For the foregoing reasons, the judgment of the district court is affirmed in part, reversed in part and remanded to the district court.
. Plaintiff originally sued many public officials in Knox County, in both their official and individual capacities, including the officer who arrested her, the police chief, four other officers who were on the scene, the mayor of Barbourville, six City Council members, the Knox County Jailer, the Knox County Judge Executive, two deputy jailers at the Knox County jail, another employee of the Knox County jail, five members of the Barb-ourville Public Housing Authority and its Executive Director. Of the parties named below, all but Officer Michael Broughton and Police Department and Knox County Jailers Ray Campbell, Sonja Warren and Angel Mills-Rogers were dismissed below. On appeal, plaintiff named Knox County, the Knox County Jail, The City of Barbourville and the Barbourville Police Department as parties, despite the fact that these government entities were not specifically named as defendants in the complaint.
. Barbourville Police Officers Robert Brown, Sherman Lawson, Pat Alfred and Randy Clark; Barbourville Mayor Jim Thompson; the six city council members; Knox County Judge Executive Gerald West; Knox County Jailer Preston Smith, and Executive Director of the Housing Authority Loretta Grey. In addition, plaintiff reached a settlement with the commissioners of the Public Housing Authority.
. References to the Joint Appendix submitted in this case will be cited as “J.A. at_”
. While the police officers who prepared the affidavit were aware of the identity of the "male juvenile,” they omitted the information from the affidavit to protect the juvenile’s identity in accordance with department policy.”
. 28 U.S.C. § 1367, Supplemental Jurisdiction, states in relevant part:
(a) Except as provided in subsections (b) and (c) or as expressly provided otherwise by Federal statute, in any civil action of which the district courts have original jurisdiction, the district courts shall have supplemental jurisdiction over all other claims that are so related to claims in the action within such original jurisdiction that they form part of the same case or controversy under Article III of the United States Constitution. Such supplemental jurisdiction shall include claims that involve the joinder or intervention of additional parties.

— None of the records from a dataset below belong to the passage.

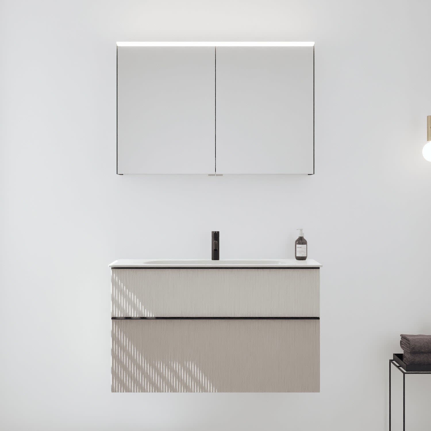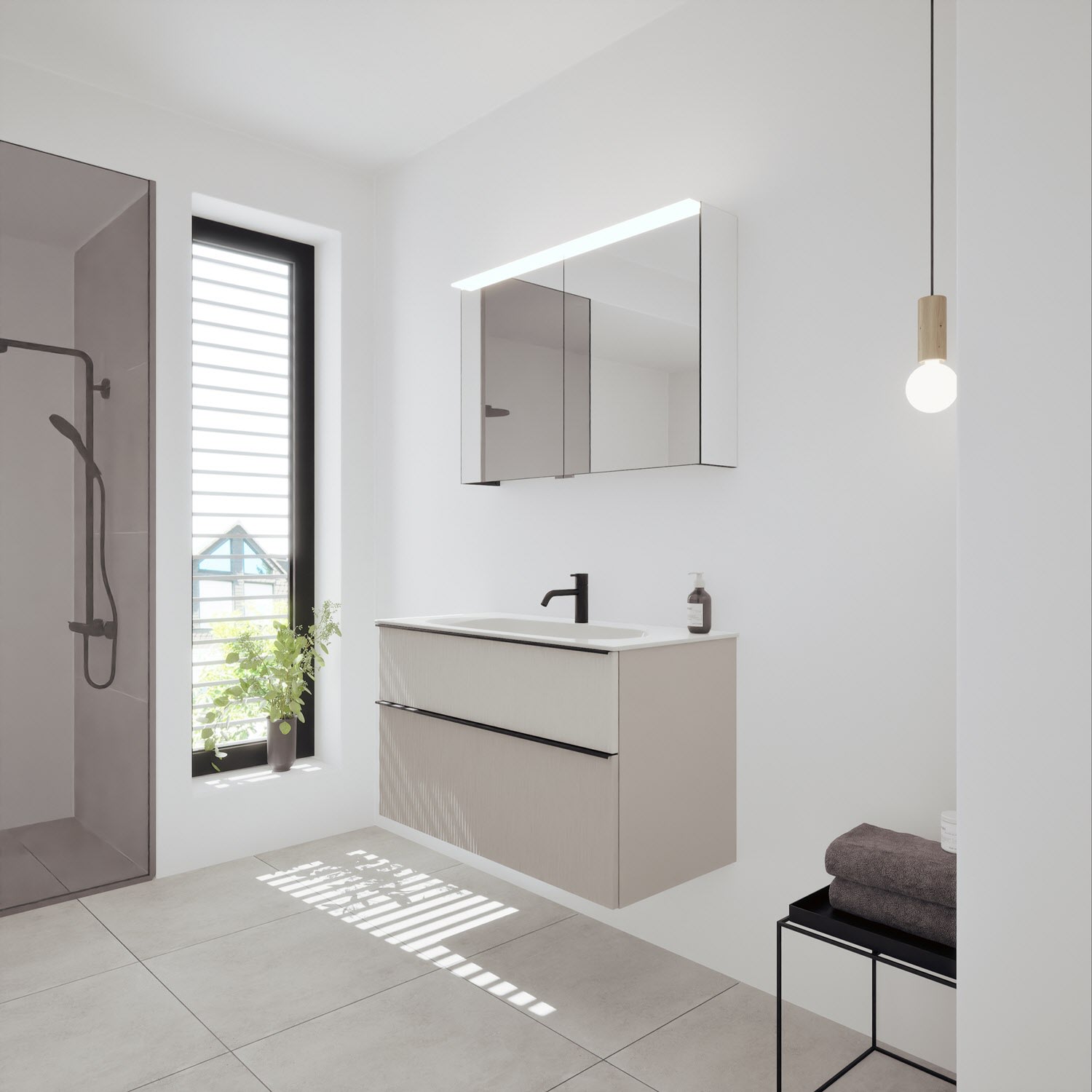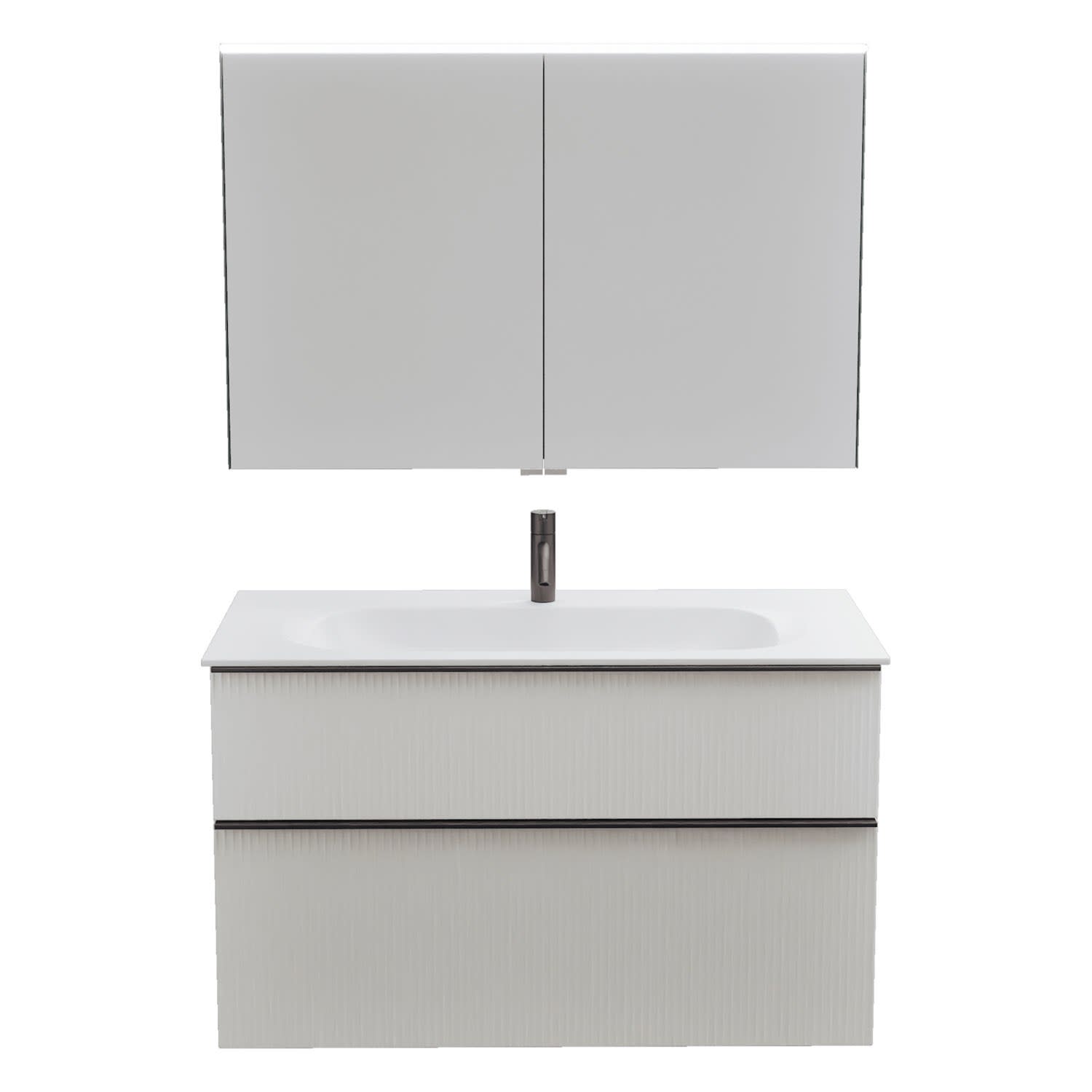 burgbad Fiumo 2.0 Badmöbelset 102 cm mit Waschtisch mit Unterschrank mit Griff G0200 und Spiegelschrank
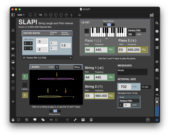 SLAPI (String Length and Pitch Interval) is a playground for hands-on experimentation with harmonic series intervals. It is a tool that allows the curiosity-driven learner to discover exactly how far "out of tune" equal-tempered intervals are with respect to nature. SLAPI makes it easy to easily explore the sonic signatures of just intervals on a plucked-string timbre and compare them with their equal-tempered counterparts on the modern piano. Enter whole-number ratio and SLAPI will report the ratio's simplest form, decimal expansion, size in cents, and deviation from 12-tet in cents. SLAPI will also visualize the ratio on a virtual monochord, reporting the associated pitch interval's component pitches and frequencies with respect to the standard pitch A4 = 440 Hz.
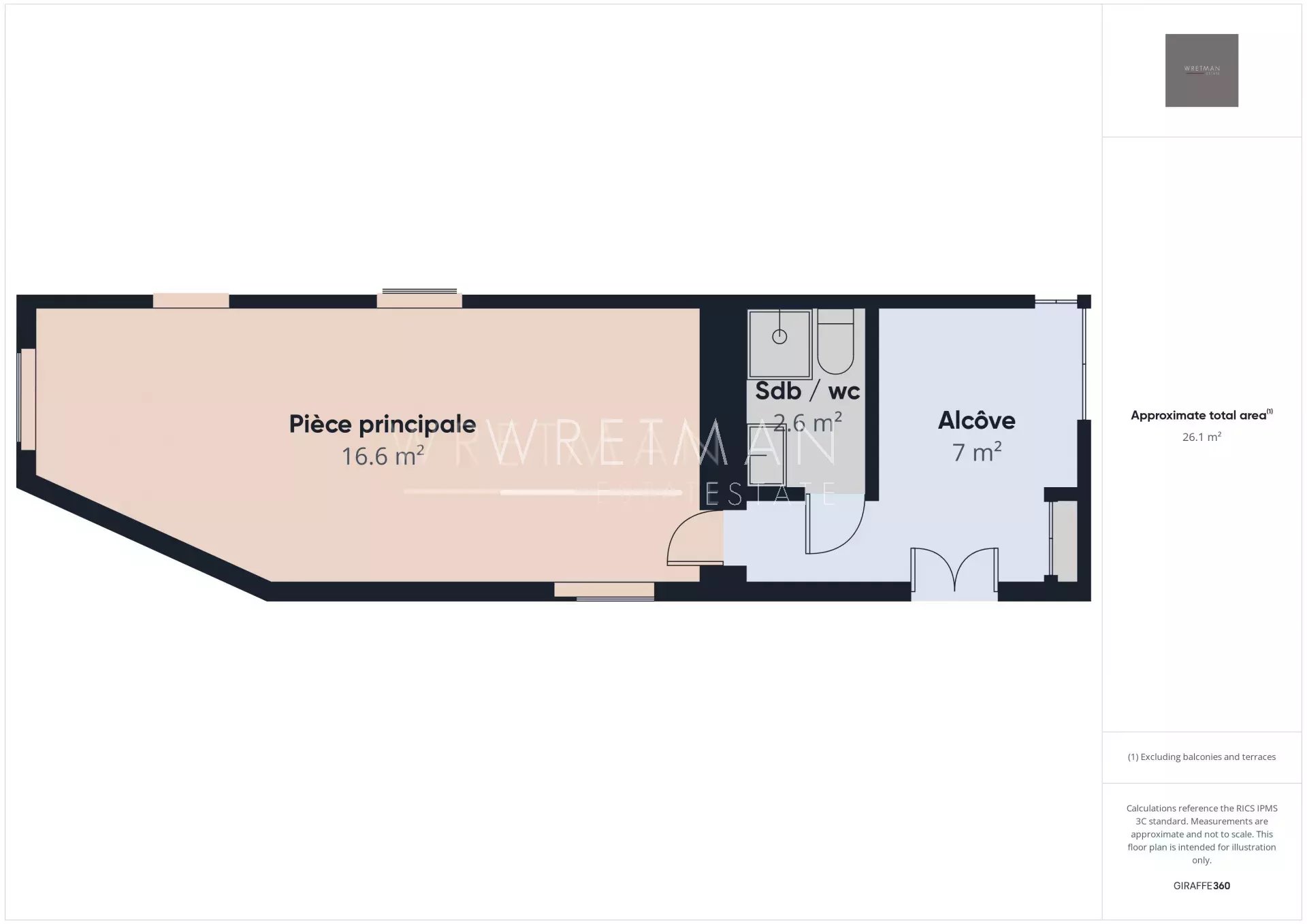 L'appartement se compose d'un séjour en triple exposition avec kitchenette, une salle d'eau avec wc et d'une alcôve avec balcon.
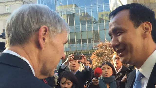 朱立伦周五(11月13日)早上抵达布鲁金斯学会,与美国专家会谈。会议由布鲁金斯学会资深研究员、前美国在台协会(AIT)理事主席卜睿哲(Richard Bush III)主持。
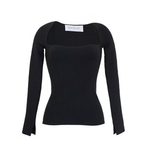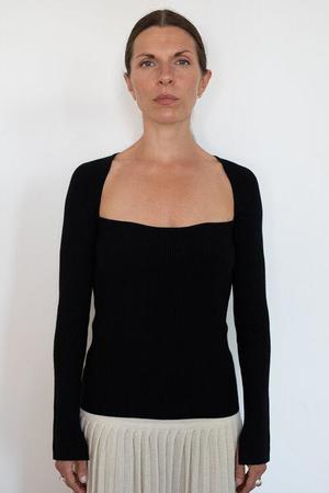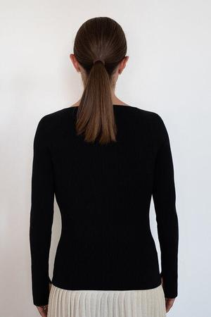 Elle is a feminine, bandeaux with halter shape, neck sweater in essential black. The sweater has a skinny rib stitch looks great tucked in if desired to be relaxed-dressy for whatever occasion day or night occasion. DETAIL: - Sustainably made in China at a small family-owned factory - Made sustainably from local yarn: Cotton, nylon, elastane, cashmere blend - Light weight, rib stitch on a skinny body plaited with nylon elastane to keep good rib recovery - Bandeaux Halter neck trim shape - Split detail at interior cuff seam - Dry clean only SIZING: - Body length (top shoulder to bottom): approximately 23" - Body width at chest|waist: approximately 12 1/2 (Note: rib naturally expands when worn) - Model is wearing size: S - Model is size S, size 2 and 5ft 10 in height - Measurements are based on size S and taken on the flat
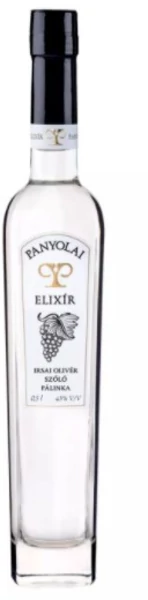 A Panyolai Elixír Irsai Olivér pálinka a szőlőfajta jellegzetes, muskotályos aromáit emeli ki. 43%-os alkoholtartalma erőteljes, mégis elegáns élményt nyújt.
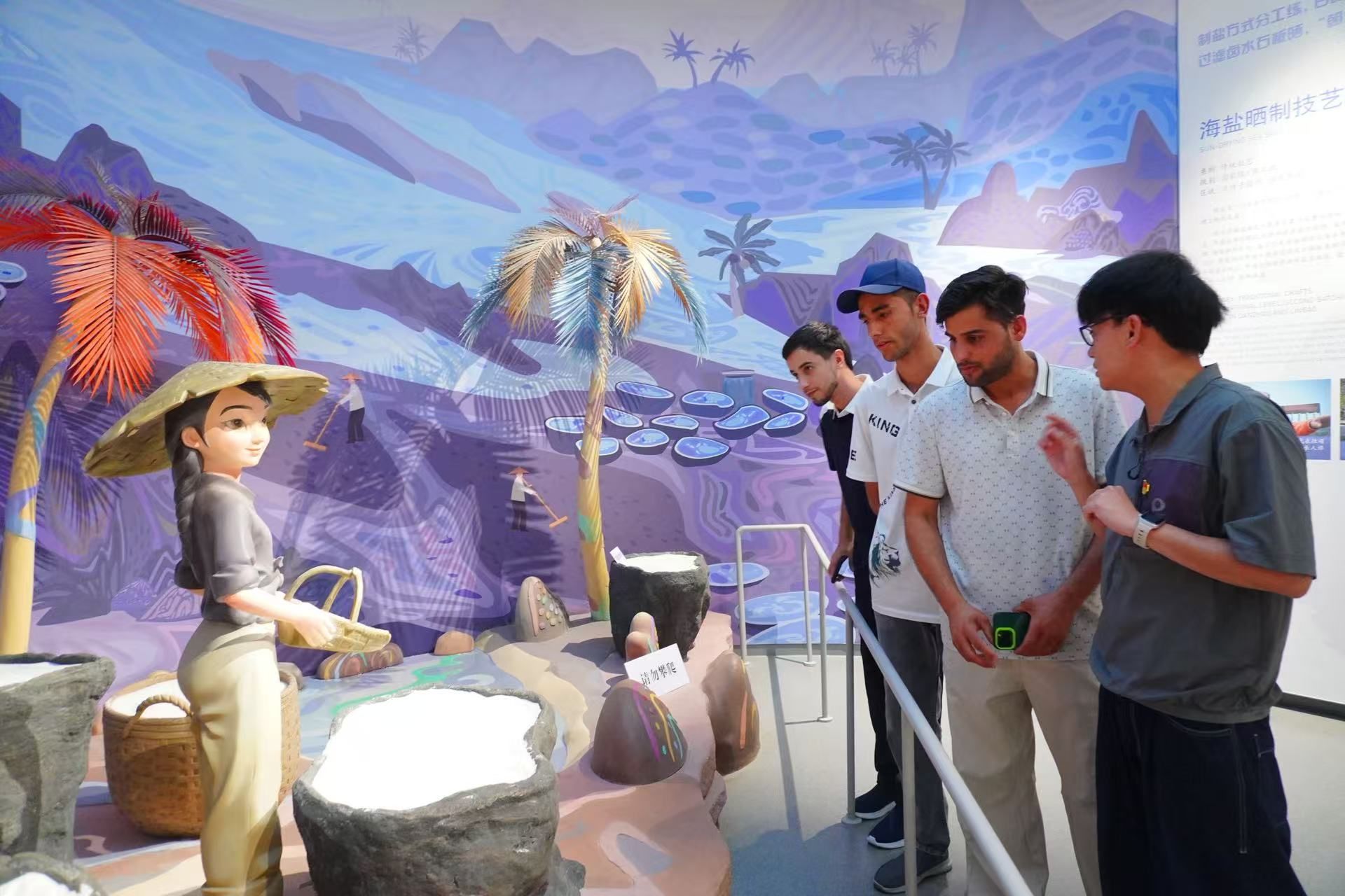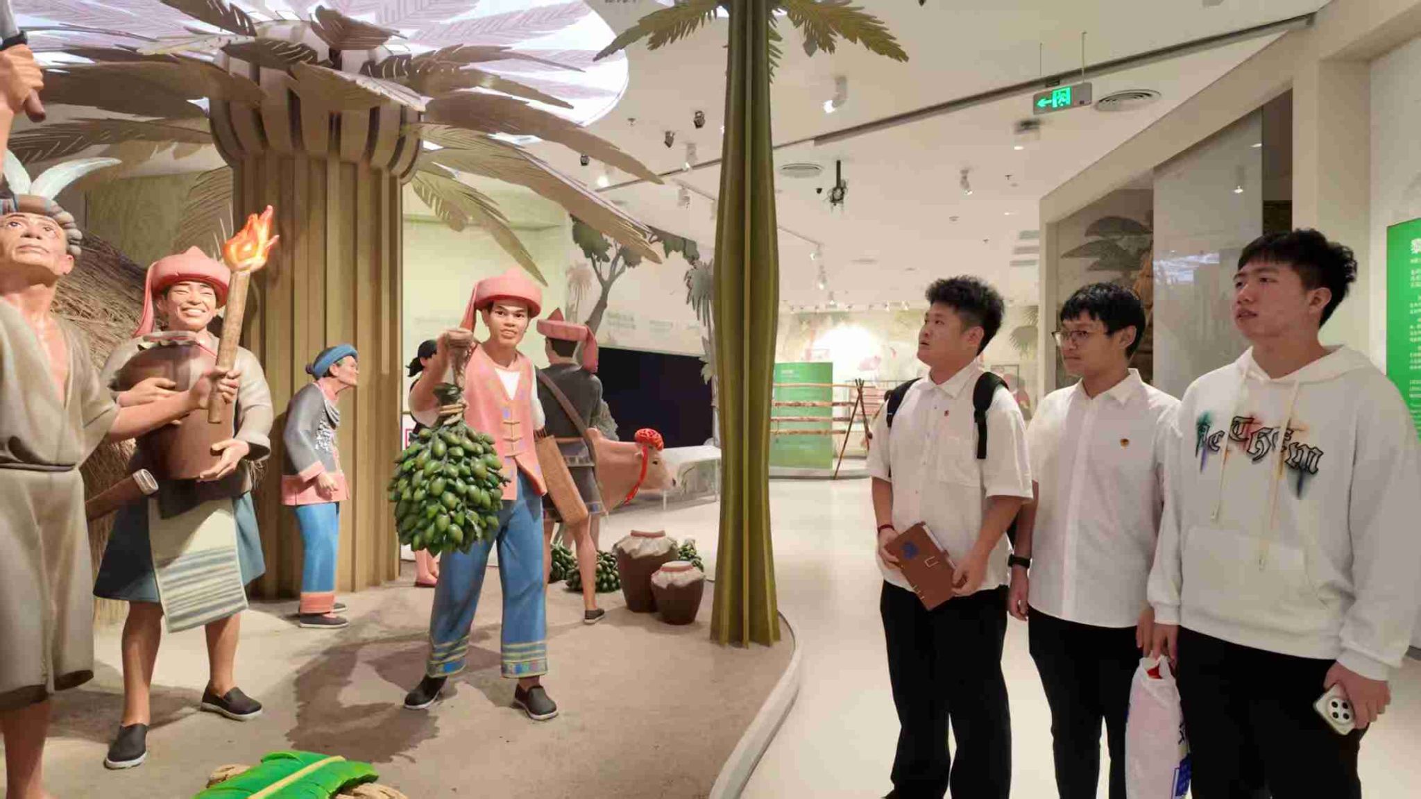 在海南非遗文化展示中心,师生们跟随讲解员的脚步,沉浸式领略黎锦、椰雕、琼剧等海南特色非遗项目的独特魅力。作为海南文化的鲜活载体,黎锦承载着3000余年的黎族民俗底蕴,椰雕凭借精湛工艺享有“天南贡品”美誉,琼剧则以婉转唱腔传递琼岛风情,这些非遗技艺共同构成了海南文化的精神密码。从精美的黎锦纹样到古朴的琼剧服饰,从生动的民俗场景复原到互动式非遗体验,每一处细节都在诉说海南文脉的源远流长和深厚底蕴。

The district courts may decline supplemental jurisdiction over a claim under subsection (a) if_
(1) the claim raises a novel or complex issue of State law,
(2) the claim substantially predominates over the claim or claims over which the district court has original jurisdiction,
(3) the district court has dismissed all claims over which it has original jurisdiction, or
(4) in exceptional circumstances, there are other compelling reasons for declining jurisdiction ....
Concurrence in Part
concurring in part and dissenting in part.
Because I believe Lisa Mills (“Mills”) has established material questions of fact with respect to her claim against Ray Campbell (“Campbell”) for the invasion of her right to bodily privacy, I would reverse the district court’s grant of summary judgment and remand this claim for trial. According to Mills, Campbell stood in an open doorway and “lookfed] at [her] for as long as [the search took].” J.A. at 543 (Dep. of Lisa Mills). Mills also testified that Campbell “stopped and stared” at her. J.A. at 556. Whether or not Campbell came across Mills accidentally, Mills’s testimony that Campbell watched her for the duration of the search, and that he stopped and stared at her rather than averting his eyes, raises in my view a factual issue as to whether his behavior was the sort of invasion of bodily privacy that would violate the Fourth or the Fourteenth Amendment. I therefore respectfully dissent with respect to this claim; I concur in the majority’s opinion regarding the other claims.